WHAT YOU HAVE TO DO: The following data is to be repeated exactly, its pictures excluded.

DATA PROVIDED:
^^^^^^^^^^^^^^^^

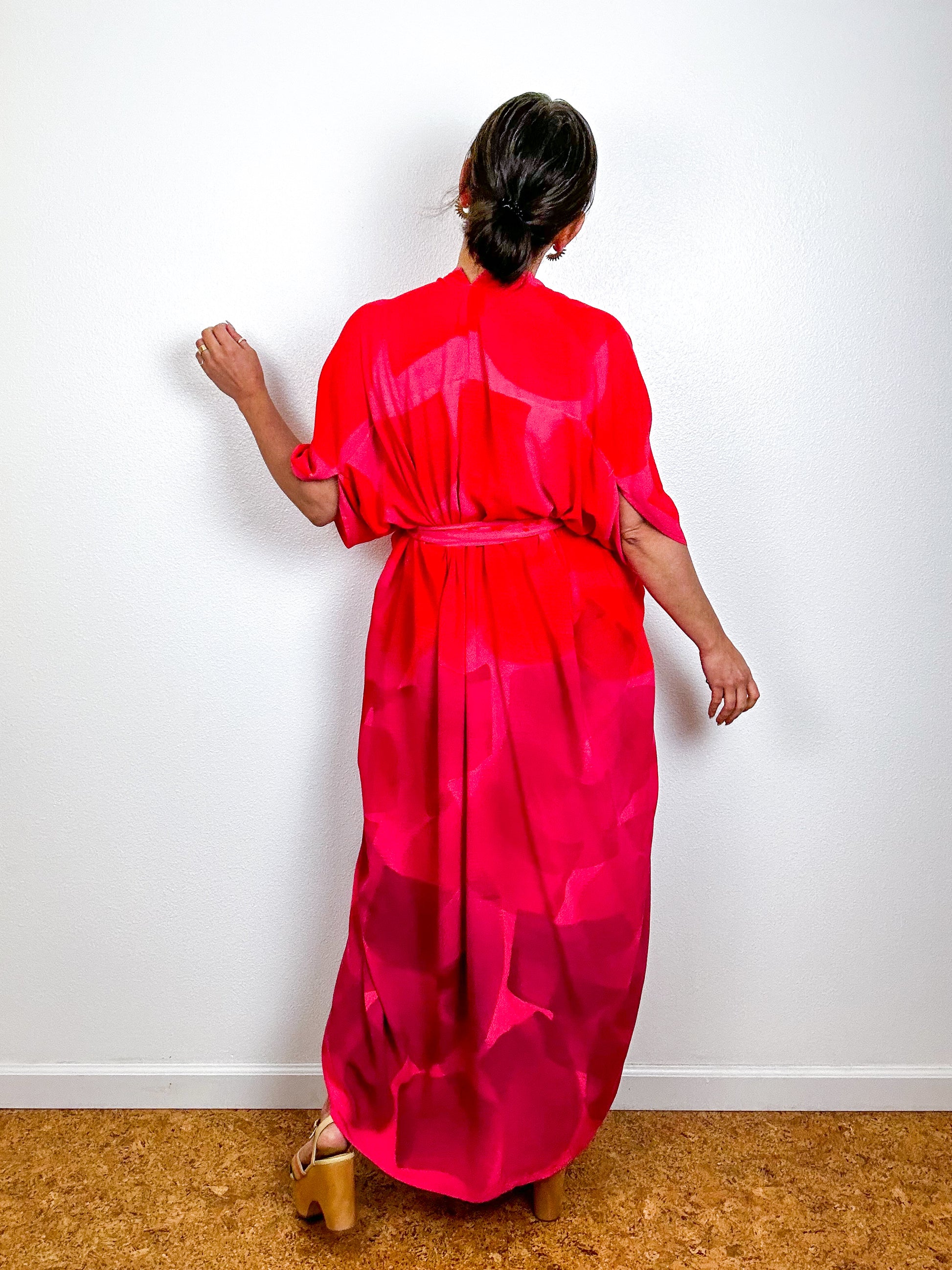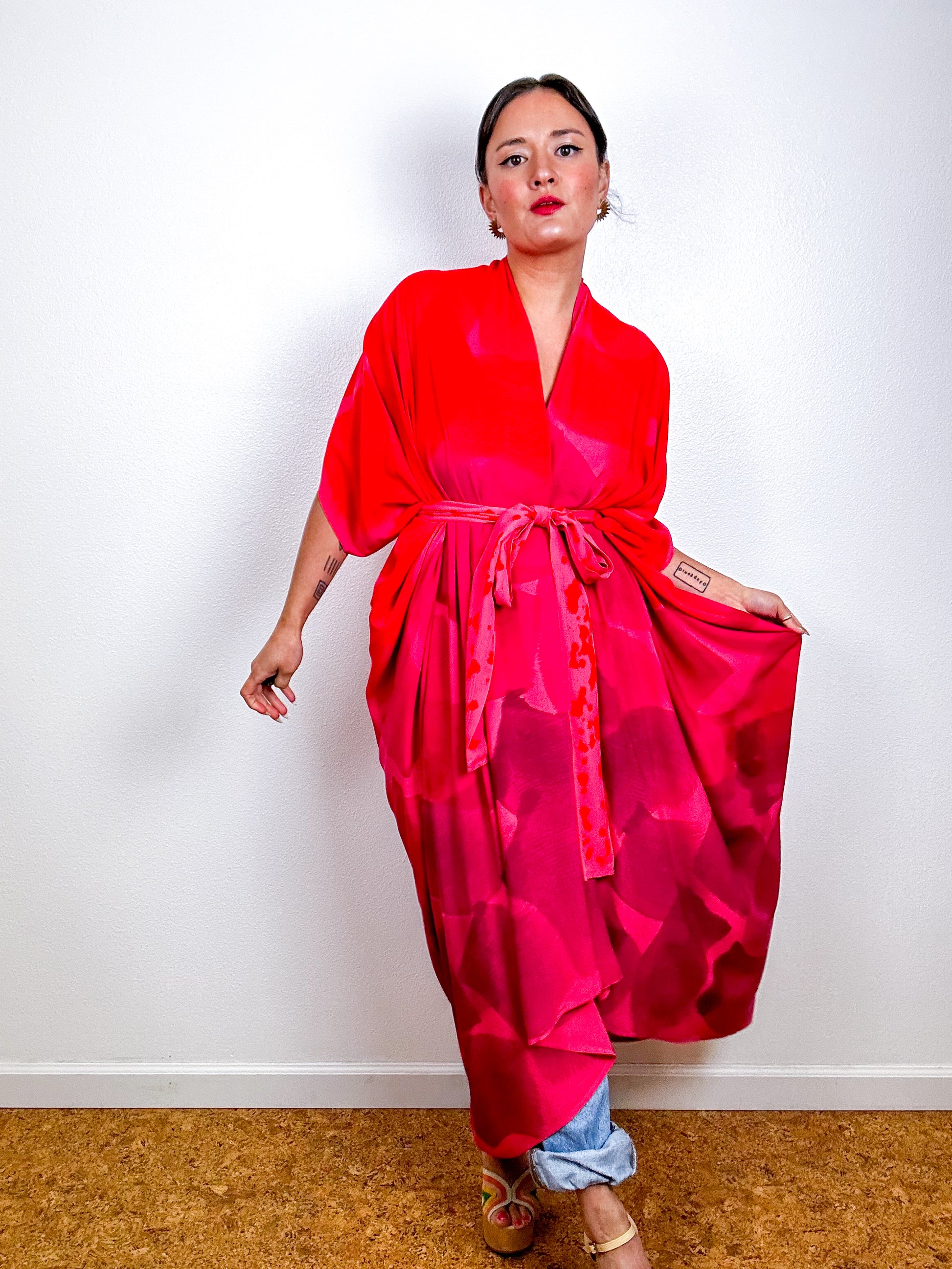 One of a kind kimono with a flowing silhouette, tulip sleeve detail, curved high low hem and separate waist tie. Versatile shape can be styled as a wrap dress, an open kimono without the tie, or a robe for staying home. The minimalist design created from a full rectangle of fabric drapes beautifully over the shoulders and produces no material waste by utilizing one whole piece of fabric without scraps from corners and irregular cuts. Lightweight woven coral fabric is hand-dyed with scarlet, fuchsia maroon algae thickened dye using a gestural brushstroke technique.
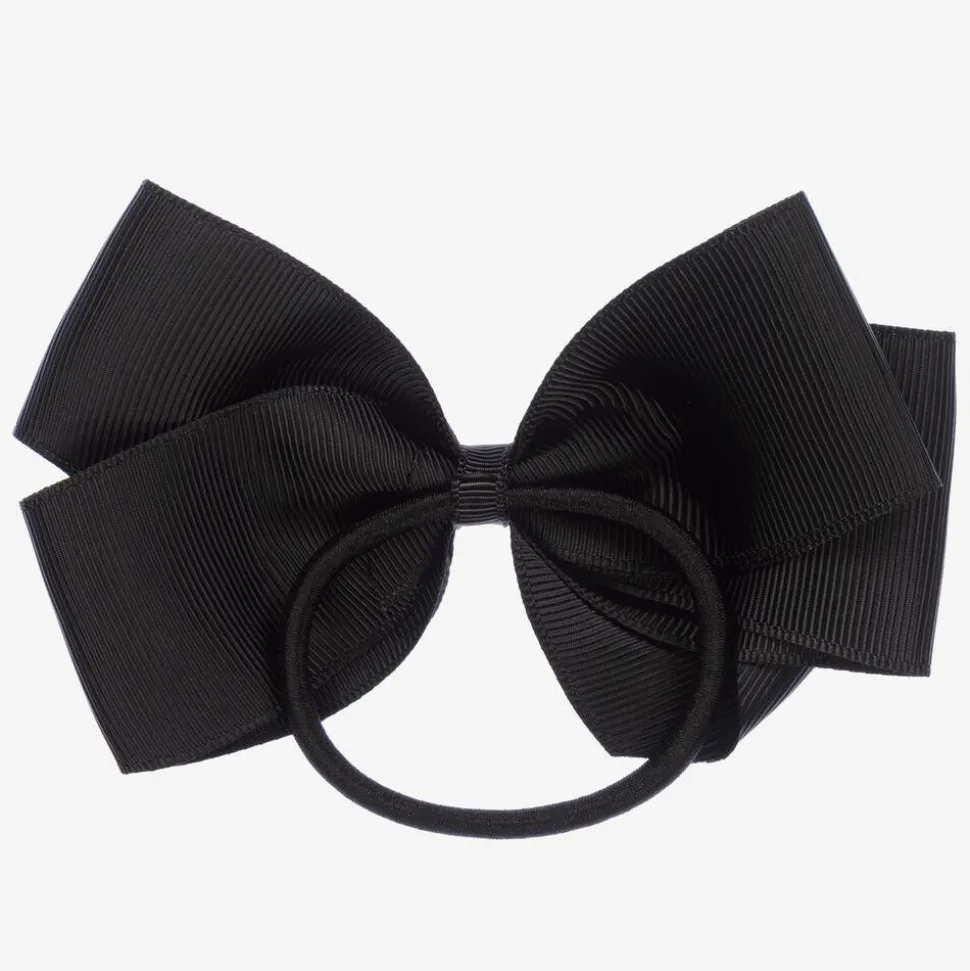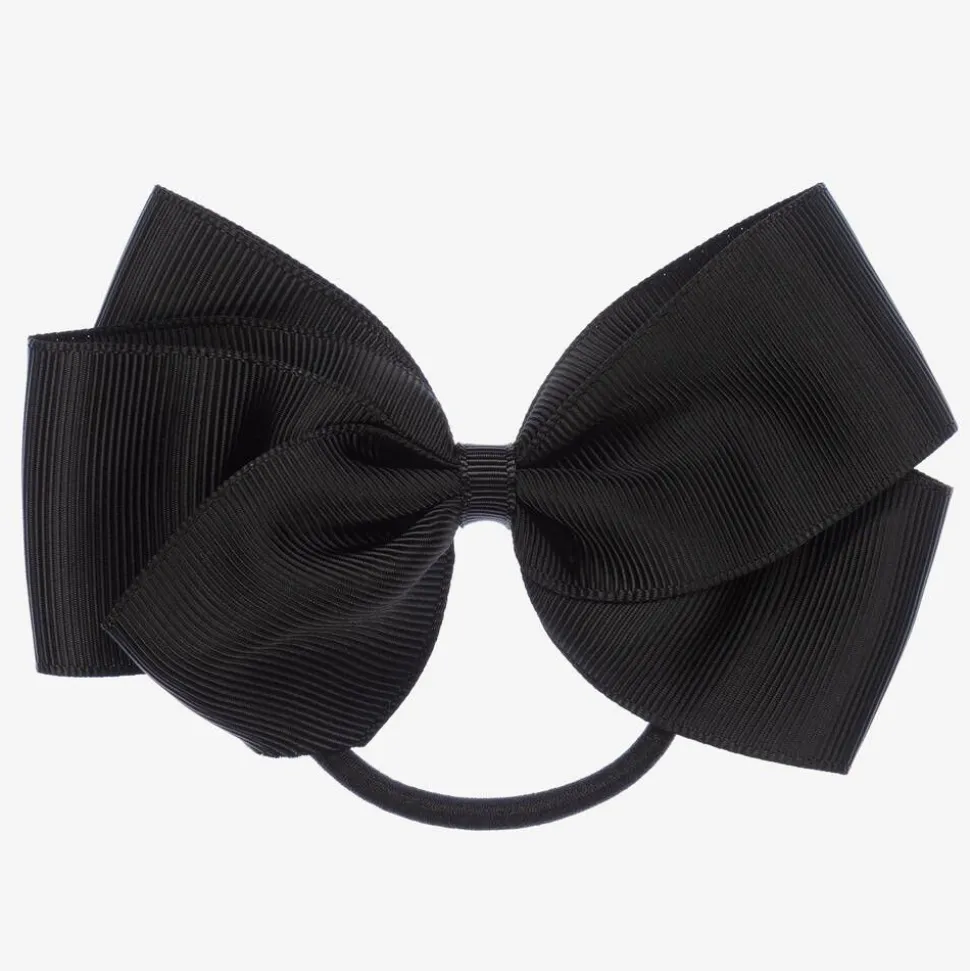 Black hair elastic for girls from Peach Ribbons. Lovely to complete an outfit, this pretty accessory has a large handmade grosgrain ribbon bow detail.
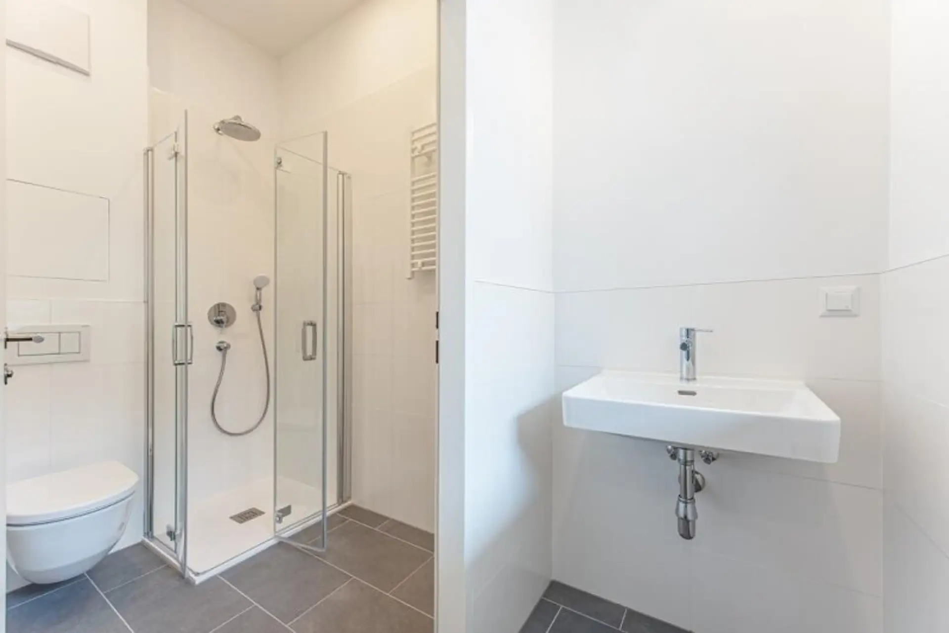 - Badezimmer mit Dusche, WC und Waschmaschinenanschluss

^^^^^^^^^^^^^^^^

ANSWER TO THIS PROBLEM:
 One of a kind kimono with a flowing silhouette, tulip sleeve detail, curved high low hem and separate waist tie. Versatile shape can be styled as a wrap dress, an open kimono without the tie, or a robe for staying home. The minimalist design created from a full rectangle of fabric drapes beautifully over the shoulders and produces no material waste by utilizing one whole piece of fabric without scraps from corners and irregular cuts. Lightweight woven coral fabric is hand-dyed with scarlet, fuchsia maroon algae thickened dye using a gestural brushstroke technique.
 Black hair elastic for girls from Peach Ribbons. Lovely to complete an outfit, this pretty accessory has a large handmade grosgrain ribbon bow detail.
 - Badezimmer mit Dusche, WC und Waschmaschinenanschluss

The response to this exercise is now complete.